Социальное государство, наверное, не является близким будущим России. По официальным данным, более половины населения России сейчас находится за нижним пределом социальной нормы доходов и потребления. Если судить по сообщениям в средствах массовой информации, положение ухудшается, бедняков становится больше. Оговорку относительно источника информации делать приходится, так как в социологических обследованиях в последние два года более 15% респондентов указывают на повышение оценки качества жизни. Естественно, такое расхождение несколько озадачивает. В то же время, многочисленные экспертные опросы показывают, что реальная заработная плата почти у всех работающих больше той, которая объявляется для учета. Во многих случаях получаемый на предприятии (в организации) доход превышает объявляемый уровень в 3–5 и даже в десять раз.

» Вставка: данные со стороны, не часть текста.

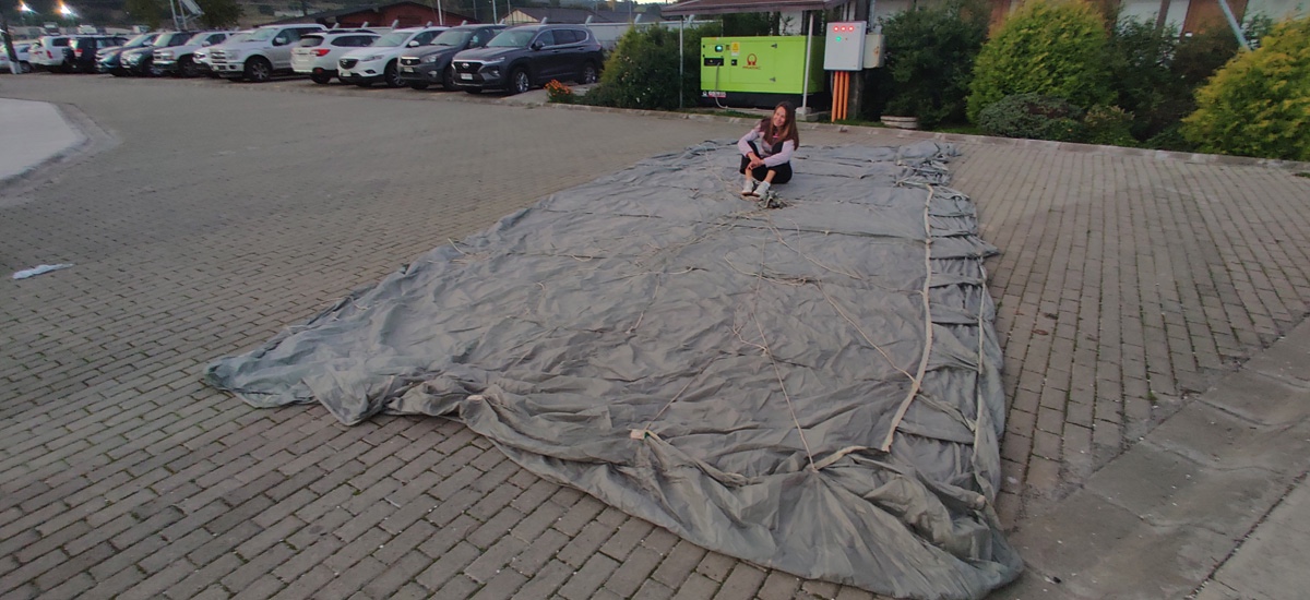 Admiralide kingitud langevari osutus hiiglaslikuks madratslangevarjuks. Selleks, et seda kasutada, lõikasime sealt välja umbes kolmandiku. Otsad peab naine moodustunud ca 3x3meetrise tormiankru äärtesse ümber õmblema ja läheb kasutusse.

Одновременно, правда, в некоторых отраслях происходит довольно быстрое снижение дохода, получаемого работниками. Так, например, три года назад самыми высокооплачиваемыми были работники банков. Это было вполне естественно для того времени. Торговля деньгами приносила максимально возможные прибыли. Работники банков получали доход в самых разнообразных формах. Среди этих форм были: оплата питания и транспорта, ценные бытовые подарки к праздникам и дням рождения, дополнительный доход на отпуск и лечение, доплаты на детей, проценты на специальные вклады, сделанные на имя работника в том же банке. Эти доходы не оформлялись никакими контрактами или обязательствами со стороны руководителей. Сумма таких доходов была настолько велика по сравнению с заработной платой, что работники предпочитали молчать в тех случаях, когда руководитель (хозяин) штрафовал работника за какие-то провинности или предпочитал не платить ничего за дни болезни, включая даже и случаи, когда у женщины болеет ребенок.

Это время сейчас кончилось, хотя уровень официальной заработной платы значительно меньше общего дохода в среднем не менее чем в два раза. Доплачиваемая без контракта часть дохода не только помогает предприятию (организации) прятать больше половины заработной платы от налогов, но и держать в руках своих работников. Угроза остаться без работы действует эффективнее, чем законные возможности защитить свои права.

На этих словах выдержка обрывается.